Bei mir funzts einfach.
Eingeben:
www.Anglerpraxis.de


----------



## Thomas9904 (22. Januar 2007)

*AW: Gesamtausgabe 2005 - über 1100 Seiten*

Bei Knurri funzts auch...


----------



## rotauge88 (22. Januar 2007)

*AW: Gesamtausgabe 2005 - über 1100 Seiten*

bei mir funktioniert es leider auch nicht. aber schonmal im vorraus dankeschön 

* 	Anglerpraxis.de*

* 	We're sorry but the page you requested could not be found.*

*  		Return to site *


Error 404


----------



## Pinn (22. Januar 2007)

*AW: Gesamtausgabe 2005 - über 1100 Seiten*

Der Link funzt bei mir leider auch nicht, weder mit firefox noch mit IE, falls diese Info weiterhilft. Ich freu' mich trotzdem drauf und werde die Seiten runterladen, sobald es wieder geht. #6

Auch im Voraus danke!

Werner


----------



## Franz_16 (22. Januar 2007)

*AW: Gesamtausgabe 2005 - über 1100 Seiten*

Klassisches Missverständnis 

Also... www.anglerpraxis.de geht natürlich 

Der Link zum Download der Gesamtausgabe geht nicht, kann nicht gehen, die Datei liegt nämlich nicht mehr aufm FTP... hat irgendwer vermutlich mal gelöscht |rolleyes 

Ich hab das Ding aber noch in einem Backup hier lokal liegen und werds die nächsten Tage mal hochschubsen... und euch dann hier wieder informieren.


----------



## Brandungsbrecher (10. September 2021)

owlspectacularfox schrieb:


> Das ist ein tolles Forum, ich lese wirklich gerne alle Themen.

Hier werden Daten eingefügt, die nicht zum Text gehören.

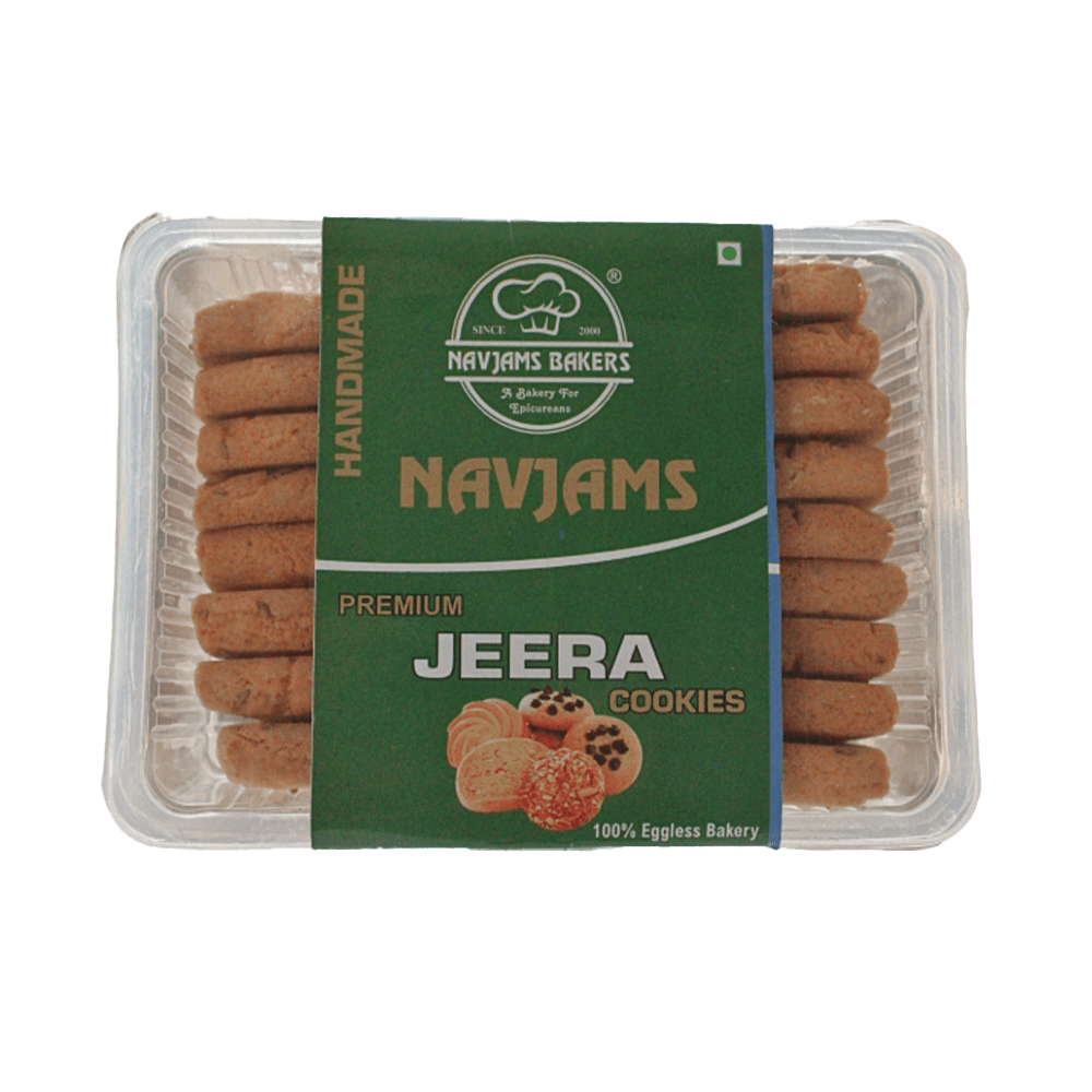 Navjam Baker Premium Jeera Cookies are crisp, buttery delights infused with aromatic cumin (jeera) seeds. Baked to golden perfection and made without artificial preservatives, these savoury-sweet treats are perfect with tea or as a light, flavourful snack any time.

Ich oute mich jetzt mal als skeptischen, alten Mann und versuche vorher zu sagen, was jetzt passiert...
Entweder bist du total blind, so ein altes Thema in leichenschänderischer Art aus zu graben, oder wir hören die nächsten Tage nur nichtssagende Sätze von dir, um dann mit Werbelinks zugemüllt zu werden.

Falls ich falsch liegen sollte, willkommen im Forum ;-)


----------



## Bankside Dreamer (10. September 2021)

Nicht nur Cuck Norris hat zweimal bis unendlich gezählt, auch ich habe sämtliche Themen des Anglerboards zweimal studiert.


----------